For those who hope that scientists will save us from the impending ecological disaster, think about what US environmental lawyer Gus Speth said: “I used to think that top environmental problems were biodiversity loss, ecosystem collapse and climate change. I thought that 30 years of good science could address these problems. I was wrong. The top environmental problems are selfishness, greed and apathy, and to deal with these we need a cultural and spiritual transformation. And we scientists don’t know how to do that.”
Buddhist monk Thich Nhat Hanh says that community building is the most important act of the 21st century. He says we live in a time when there many sophisticated means for communication, yet it is extremely difficult for individuals, groups and nations to communicate with each other. How do we restore communication? Nhat Hanh says it happens through compassion and deep listening: really listening to what other people or parties are saying. This way we can correct our misperceptions about “them” and, if they do the same, about us.

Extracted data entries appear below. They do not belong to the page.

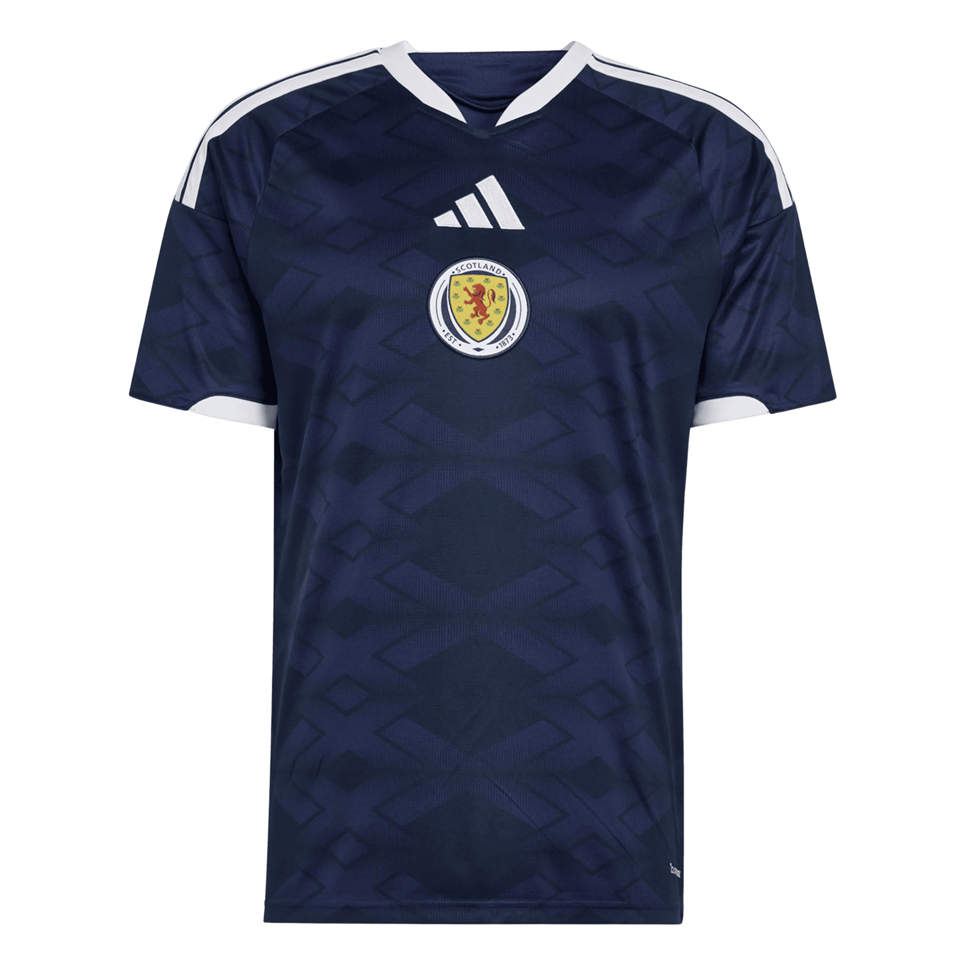 The shirt features a deep navy base with a subtle tonal pattern inspired by the Saltire (St. Andrew’s Cross). White adidas Three Stripes run along the shoulders and white trim finishes the collar and cuffs — all symbols of Scotland’s football identity. The 2026 Scotland Home Jersey brings these cues together with performance‑tier fabric that keeps you comfortable whether you’re supporting from the stands or wearing it casually.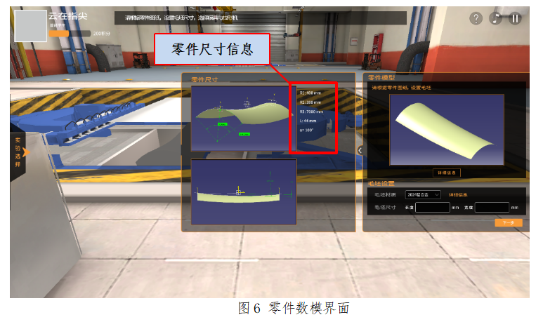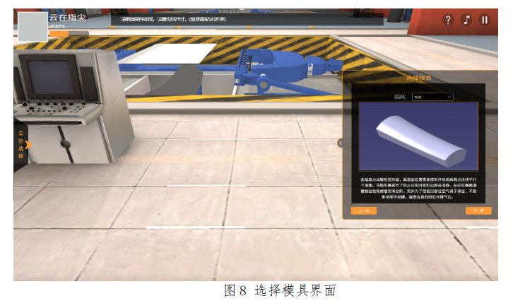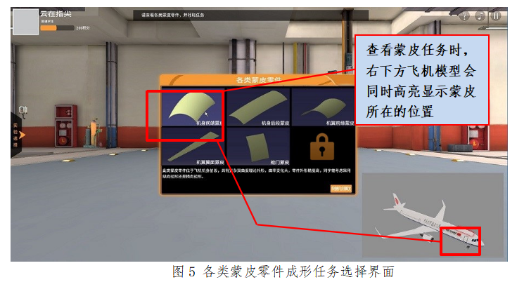 进入蒙皮成形实验操作后,出现各类蒙皮零件成形任务选择界面,如图5所示,可通过右下方飞机数模查看各类蒙皮零件在飞机上的大致位置,使学生了解该零件的定位。图中零件由简单到复杂,简单零件成形实验完成后,复杂零件方可解锁,目的是为了使学生通过循序渐进的实验,锻炼其工艺分析能力。系统随机分配待成形零件,然后点击“随机领取”领取任务,开始实验,系统随机分配任务可以达到“一人一任务”的目的。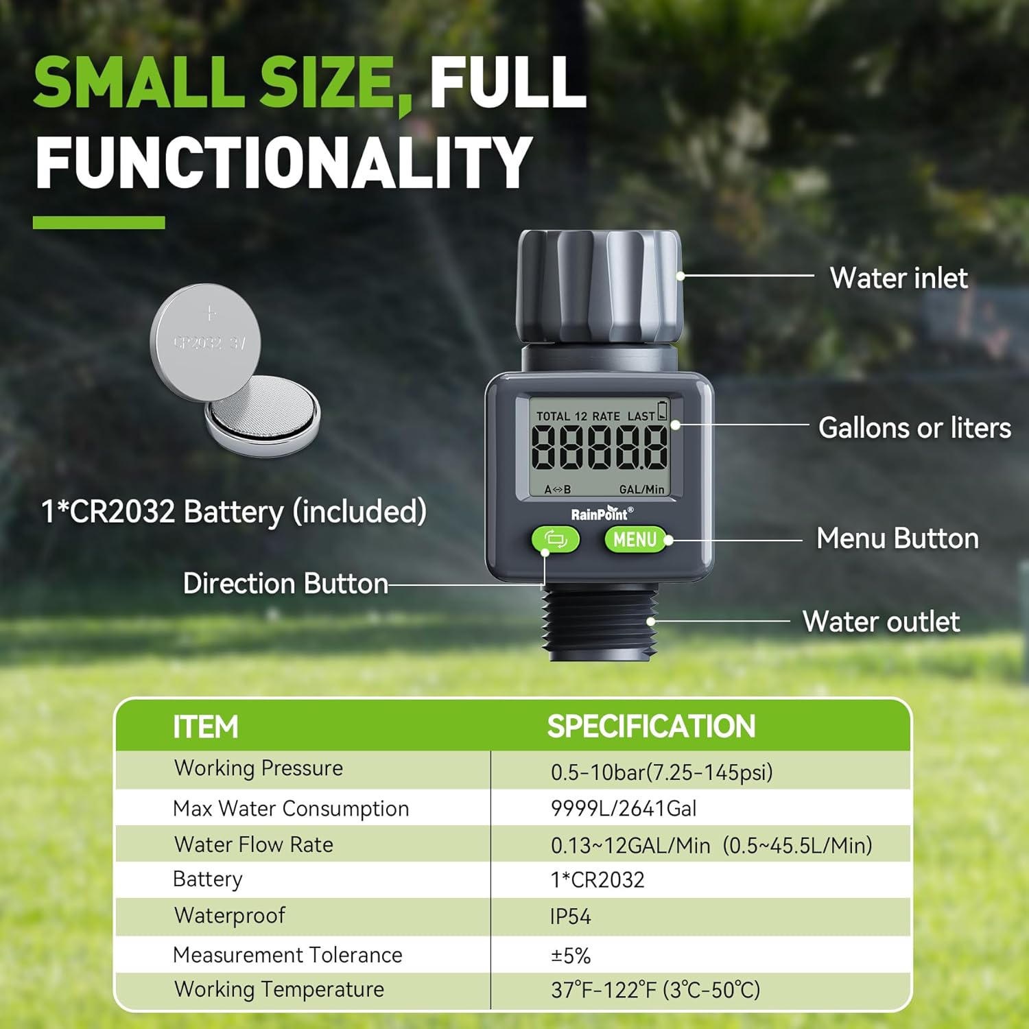 Descripción del producto RAINPOINT práctico Contador de Agua digital giratorio 180° para el jardín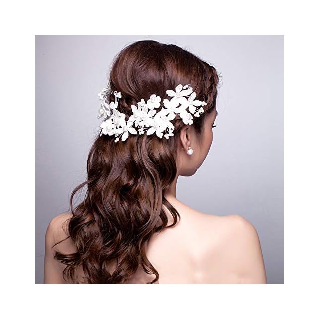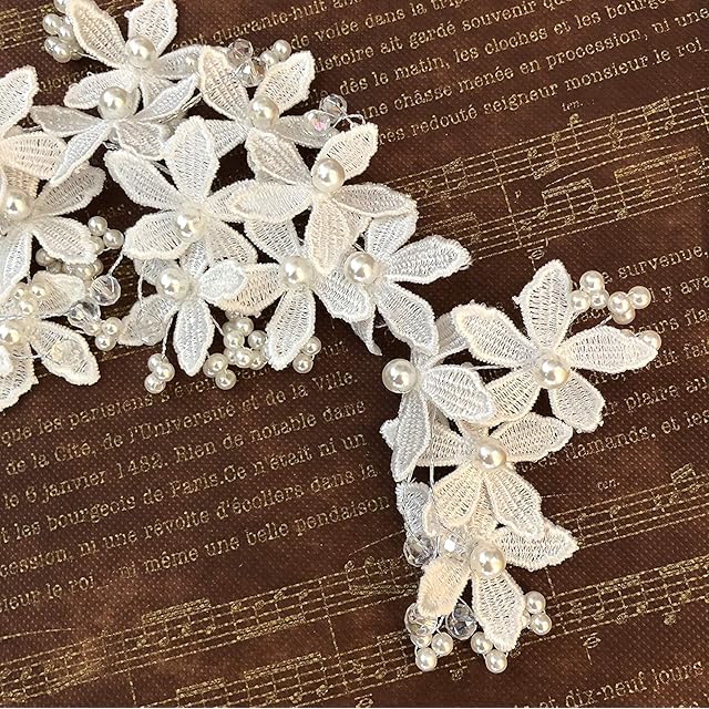 【J's select】上品 フラワー 花嫁 お花の パール ヘッド ドレス 髪飾り ブライダル 結婚式 パーティー に (B)<br><br>花嫁さんに人気のお花をモチーフにしたナチュラルテイストが可愛らしいヘッドパーツ。<br> 一点一点手作りのハンドメイドなので、細部まで繊細で上品な作り。お花とパールに存在感がありとっても華やかにお召しいただけます。<br> 挙式でベールの際もよく合いもちろんパーティでも素敵です。<br> トップ、サイド、シニヨンなど付ける位置を変えることでイメージを変えることができます。ウェディングドレスで挙式と披露宴で イメージを変えたい方にもぴったりです。<br> 海外製(インポート) ヘッドドレス サイズ:長さ約30㎝ 幅最大約10㎝ 重さ約50g※商標5952326号取得済み
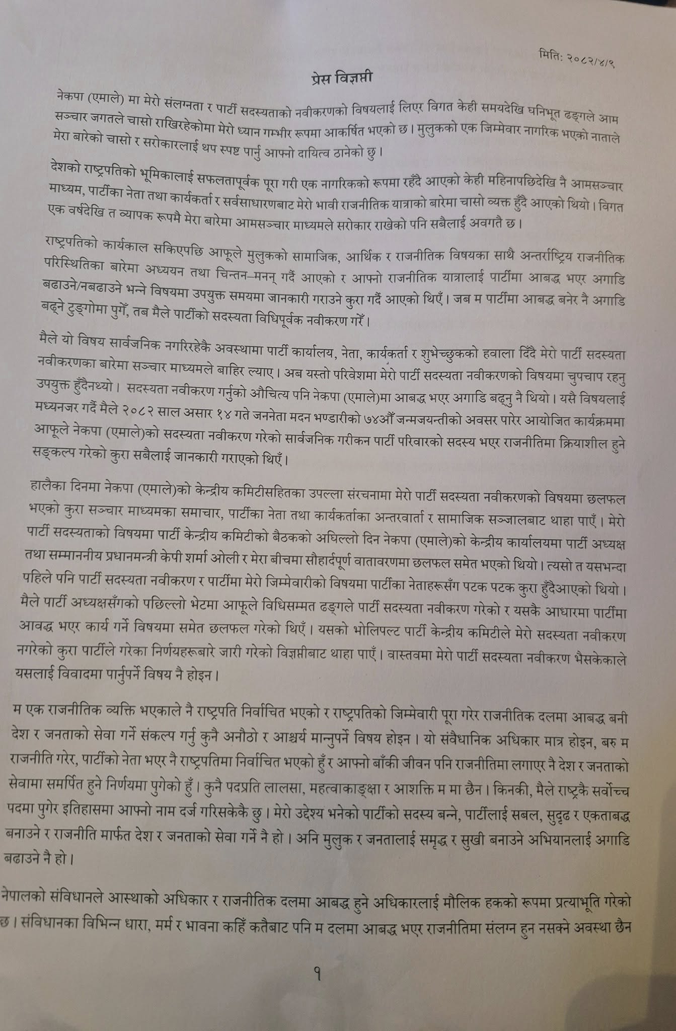 काठमाडौैं । पूर्वराष्ट्रपति विद्यादेवी भण्डारीले एमालेले पार्टी सदस्यता नवीकरण गरिसकेको विषय अनावश्यक विवादमा ल्याएको बताउँदै बबरमहलबाट पार्टी निर्माणमा जुट्न कार्यकर्तासँग आह्वान गरेकी छन् ।

Generally, it’s suffering yourself that prompts compassion for others. Just 16 years after they were forced to walk what became known as the “Trail of Tears” in a forced relocation in which thousands of them died, the Choctaw tribe of Native Americans managed to scrape together $170 to donate towards alleviating the Irish Famine. In 1850 this was the equivalent of several thousand dollars, and their gesture is remembered and commemorated to this day.
Much of this kind of compassion will be needed soon: when cities run out of water, when floods flatten coastal regions, when barefoot refugees cross borders bereft of possessions. How much compassion will there be for the elite 1%, I wonder, when their lofty fortresses finally crumble?